When you do teach sit, do not reward her in anyway for laying down or a 1/2 sit. remember command, correction, command. when you get to the hand signal stage, the correction can be anything, turn your face or back to the pup, saying 'no', my guy, doesn't like wind in his face, so I blow on him for 1 second for one of my corrections...you should video tape yourself trying to teach sit, so you can see how you can improve.

Also it might be the surface your pup is on, if it's slippery, they all prefer to lay down, so give her a rug or sweatshirt to sit on.

good luck.


----------



## krandall (Jun 11, 2009)

Be careful of "corrections" with soft dogs like Havanese... They can be easily shut down by them. IMO, particularly during the learning phase, it is better to just ignore the "incorrect" tries, reset, and try again, making sure to generously reward correct responses. 

Dogs rarely do the "wrong thing on purpose, and that is particulary true of puppies. When they make mistakes, it's caused by one of several things. 
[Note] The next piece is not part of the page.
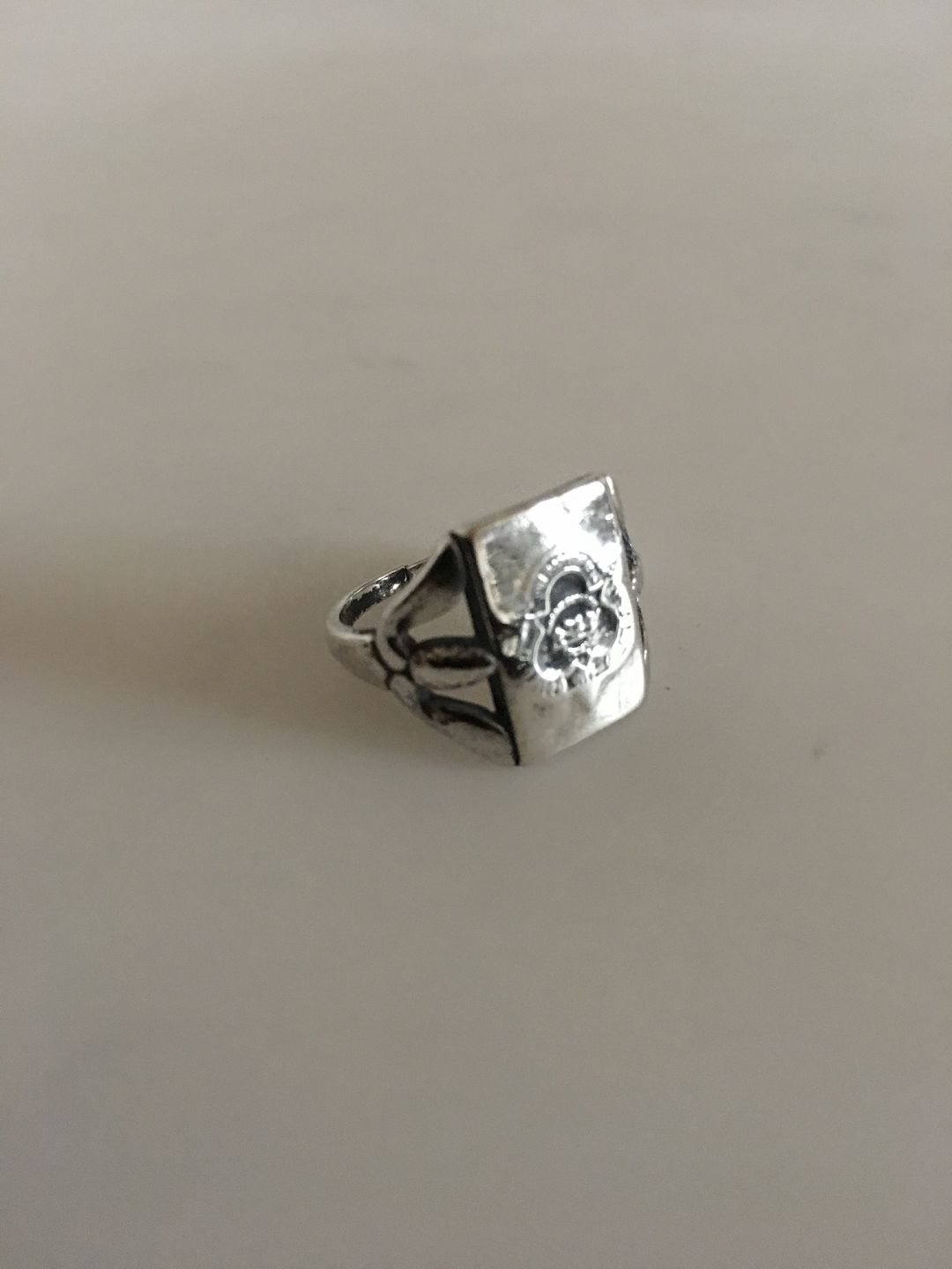 Georg Jensen Vintage Sterling Silver Wilson College Class Signet Ring. Ring Size 52 / US 6. Weighs 5 g / 0.20 oz. With latin text: Wilsonensis Sigillum Collegii - Ars Scientia et Religio. Used with wear.

*They do not yet know what we want well enough (lack of experience)
*We have not been clear enough with our cue
*Something in the environment is keeping them from being able to perform
*The dogs level of arrousal is getting in the way of performance
*The dog isn't having fun (often because the handler has unintentionally made the experience aversive)

It's up to us to figure out which of these things is standing in the way of performance and fix it. Sometimes, if we step back and think about it, the reasons are clear. Other times, it can take some sleuth work and some trial and error to figure out what is going wrong.


----------



## sprorchid (Mar 30, 2010)

To correct my Ollie when refining tricks, I usually just turn my head away, for 3 seconds.
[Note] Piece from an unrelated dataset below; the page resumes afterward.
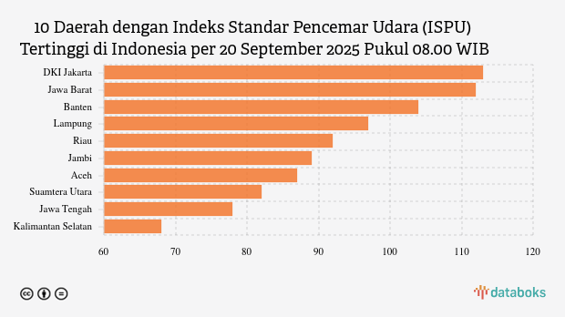 Berikut daftar 10 provinsi dengan indeks kualitas udara terburuk di Indonesia pada Sabtu, 20 September 2025 pukul 08.00 WIB.

Ollie has always 'scrolled' meaning he'll do 3-4 different tricks all together, in hopes of scoring the treat. I'm still teasing it out, and for the most part, it's one signal one trick, but if he's working with another person, someone who wants to have the thrill of getting a trick out of Ollie, he'll scroll with them.

Havs are very very eager to please, so your reaction is key and very important. when your pup gets it right, have a party. your silence, as a correction often is correction enough.


----------



## krandall (Jun 11, 2009)

sprorchid said:


> Havs are very very eager to please, so your reaction is key and very important. when your pup gets it right, have a party. your silence, as a correction often is correction enough.


Agreed! I was concerned that others might read about you (i'm sure, only occasionally) blowing at Ollie, and parse that into other, and too much, positive punishment. Withholding attention (such as turning your face away) or withholding a reward are usually all that is necessary, even with dogs that are a lot tougher than Havs. It's just that some dogs TOLERATE positive punishment much better than soft dogs like Havs do.


----------



## krandall (Jun 11, 2009)

Oh, and as far as the chaining is concerned, you have a little different problem here than the average owner, since it's part of Ollie's "job" to perform for others. You also see this in a lot of dogs who have been taught a series of "parlor tricks" that are trotted out periodically to show off for visitors. This seems to be the series I see most often (it's funny how human minds seem to think in progressions like this ): Sit, speak, shake, other paw, down roll over. Always in the same order. No wonder the dogs start to do the whole sequence at once! I am sure you're not doing that with Ollie, but I bet the other people you let work him do!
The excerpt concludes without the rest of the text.